Tutorial of the week

Beyond Basic Prompting: How to connect LLMs with everyday tools

Imagine having a brilliant consultant who knows everything from books but can't touch or interact with anything in the real world. That's essentially what a basic LLM is. Now, imagine giving this consultant hands to type, tools to calculate, and the ability to look up current information. That's what happens when we augment LLMs with tools. By providing access to calculators, code interpreters, databases, and APIs, we're essentially giving these AI models the ability to not just think, but to do.
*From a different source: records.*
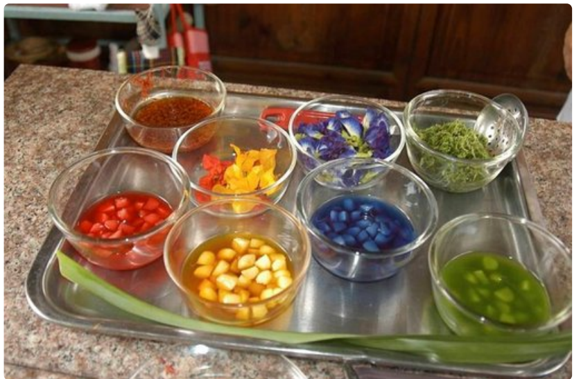
Jälkiruoka voi olla esimerkiksi lähijoesta otettua vesipähkinää kookosmaidossa.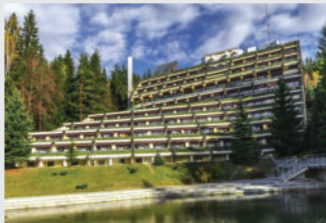
Centrum Rehabilitacji Rolników „Granit” w Szklarskiej Porębie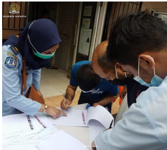
Gambar 3 pengawasan terhadap pengungsi di Community House Paramount Dormitory Serpong

RUDENIM Jakarta yaitu melakukan absensi dan pendataan pada Kartu Tanda Pengungsi dengan peneraan stempel dan tanda tangan petugas RUDENIM Jakarta 21 .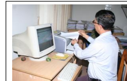
বিজ্ঞানী ও গবেষক-কে ডকুমেন্টে প্রিন্ট দেয়া হচ্ছে

এ ছাড়া ব্যঙ্গডক-এর প্রবেশাধিকার আছে এমন কিছু বিদেশী ওয়েবসাইট (HINARI, AGORA, INASP PERii ইত্যাদি) হতে ডকুমেন্ট সংগ্রহ করে থাকে।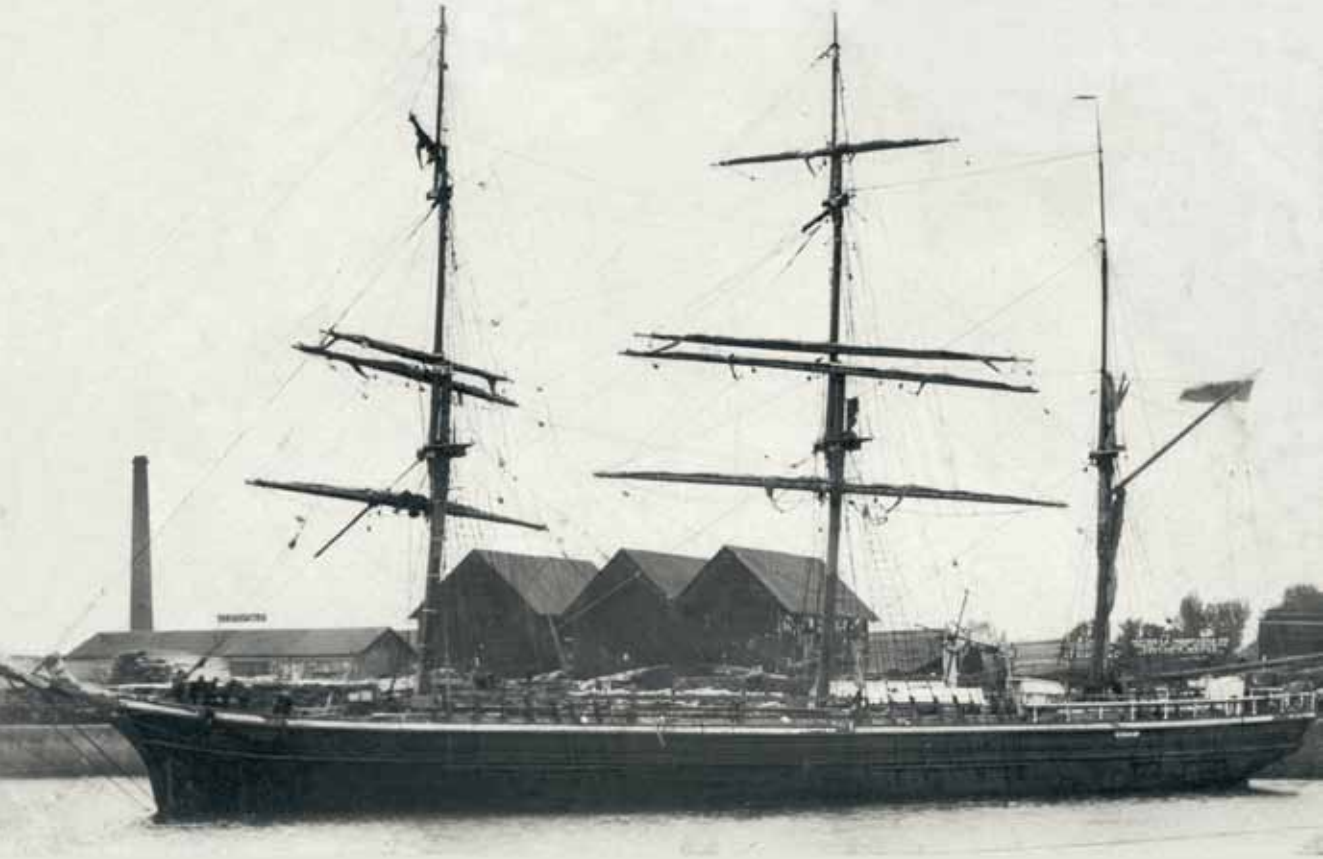
▲ Kings Lynn, juli 1909. Hoppet lossar trävaror lastade i Helsingfors där hon hade legat över vintern. (Foto: Privat samling).

Alla män och fler därtill hade behövts, visar fortsättningen i det gulnade brevet: "Skeppet fick ett stort hål i bogen och besättningen dämpa vattnet och stoppa hålet vad de kunde, med säckar och presenningar, samt lämpa barlasten akterut för att få fören att något höja sig."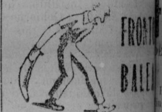
Hoy Jueves 29 Febrero NOCHE a las 9 y media ORTEGO II—TERRAS REMENTERIA—MARCO—GAMBOA—LOYOLA—ZULAIKA—IRIONDO Y ZULAIKA.

Se ha establecido en Estambul una comisión que está cargada de autorizar el tráfico a puertos extranjeros de buques turcos en caso de necesidad urgente.

This strategy finally transforms LLMs from being just chatbots into capable digital assistants that can perform real-world tasks.

What are LLM tools?

At their core, tools for LLMs are simply functions with clear descriptions that the AI can understand and invoke. When you provide an LLM with a tool, you're essentially giving it a capability to interact with the outside world through well-defined interfaces. These tools can be as simple as a calculator function or as complex as a full database query system. The magic happens in the interaction: the LLM receives your prompt along with descriptions of available tools, decides whether it needs to use any tools to fulfill your request, and if necessary, calls the appropriate function with the correct parameters. When we say they “call” the function: LLMs simply tell you to call the function and provides the parameter values for you - so you’re always in charge of the whole process. But by cleverly automating the interaction, we can give the LLM as much control as we want.
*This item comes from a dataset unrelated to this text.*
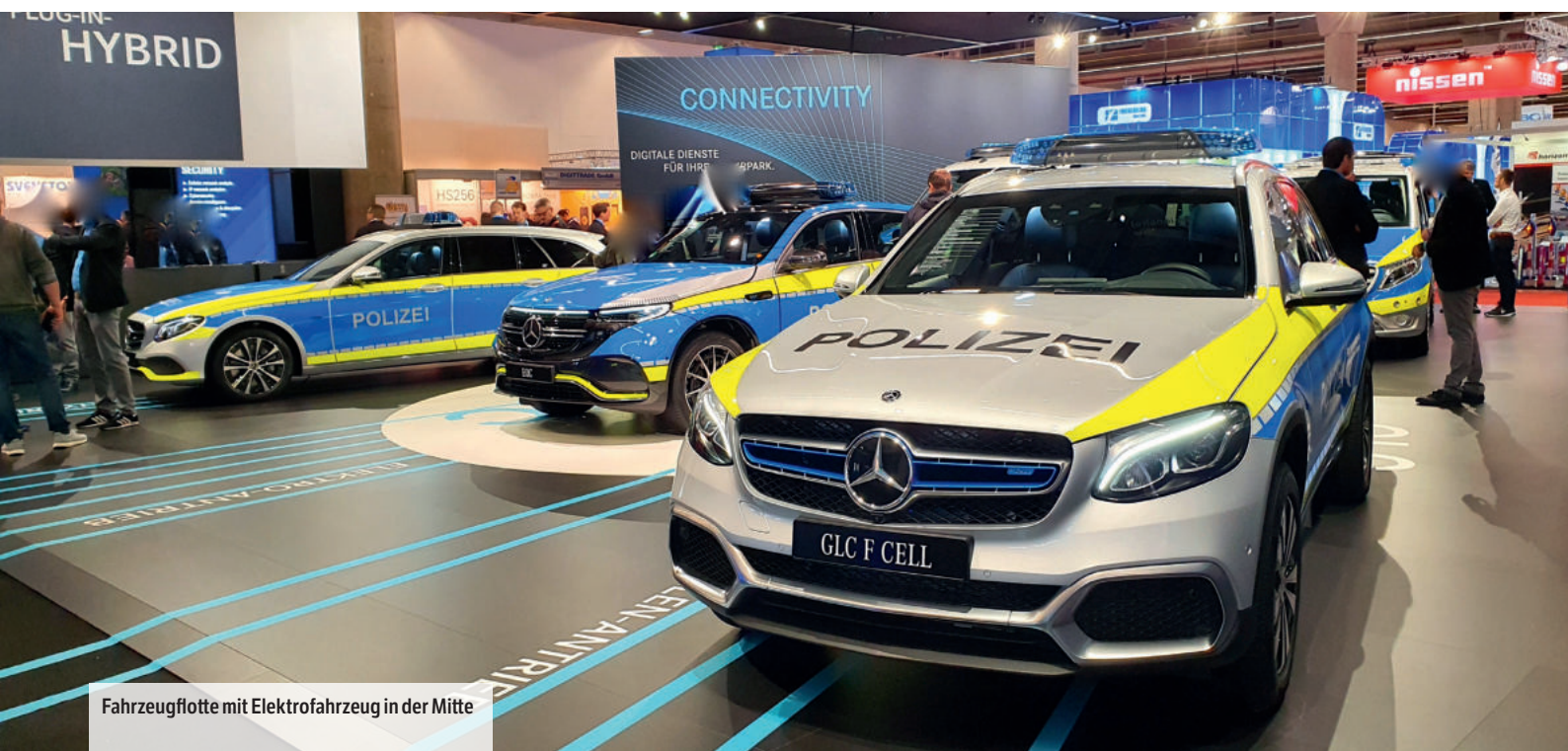
Fahrzeugflotte mit Elektrofahrzeug in der Mitte

Jedoch wie bei allen E-Fahrzeugen wird hier die Geschwindigkeit bei 180 km/h abgeriegelt, was natürlich für eventuelle Verfolgungsfahrten oder den Bereich Autobahn taktisch nicht gewollt sein kann. Fachlicher Hintergrund aus Sicht der Hersteller hierfür ist die Verringerung der Reichweite, welche bei „normaler Fahrweise“ bei ca. 450 km liegt. Je höher die Geschwindigkeit über einen längeren Zeitraum, desto geringer die Reichweite, was dann auch für den Bereich Polizei wiederum nicht zielführend sein kann.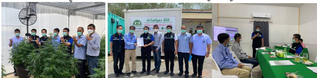
ฉลากผลิตภัณฑ์ “ ชากัญชง ”

กิจกรรมวันที่ ๒๓ พฤษภาคม ๒๕๖๕ เลขานุการสำนักงานคณะกรรมการอาหารและยาและคณะ ลงพื้นที่เยี่ยมชมกิจการผู้ประกอบการ บ.เหล่าบัณฑิตกรีน จำกัด พร้อมมอบใบอนุญาตสถานที่ ผลิตอาหารที่มีส่วนประกอบของกัญชา กัญชง เป็นรายแรกของจังหวัดสุราษฎร์ธานี และเป็นผู้ประกอบการ ที่เข้าร่วมโครงการพัฒนาผู้ประกอบการอาหารที่มีส่วนประกอบของกัญชา กัญชง ประจำปี ๒๕๖๕

Step by step: How to create tools for LLMs

The whole process is - in general - rather simple:

  1. Create a code runtime environment, where you can run code. A python environment for example.

  2. Create a function that for example interacts with an API or a database. The function can also have parameters, they will be provided by the LLM later on.

  3. Describe, in natural language, what this function does. Also describe the parameters and the return value.

  4. In your application, when you want an LLM to execute a specific task, send your task prompt the LLM, as well as all the tool (think, function) descriptions. The LLM will then decide whether it can fulfill your prompt without using a tool - or if it needs a tool.

  5. If the LLM decides to use a tool, it will tell you which tool to use. You then simply call your function with the parameters provided by the LLM. In pseudo python code, this is just an if statement:

def database_tool(query):
    database_client = new Client()
    result = database_client.query(query)
    return result

system_prompt = """You are a system to answer questions. You get a list of tools which you can use to answer the question.
Either answer the users question directly, or answer with the tool to user.
If you need a tool, answer with the following format. If required by thetool, make sure to provide the tool parameters.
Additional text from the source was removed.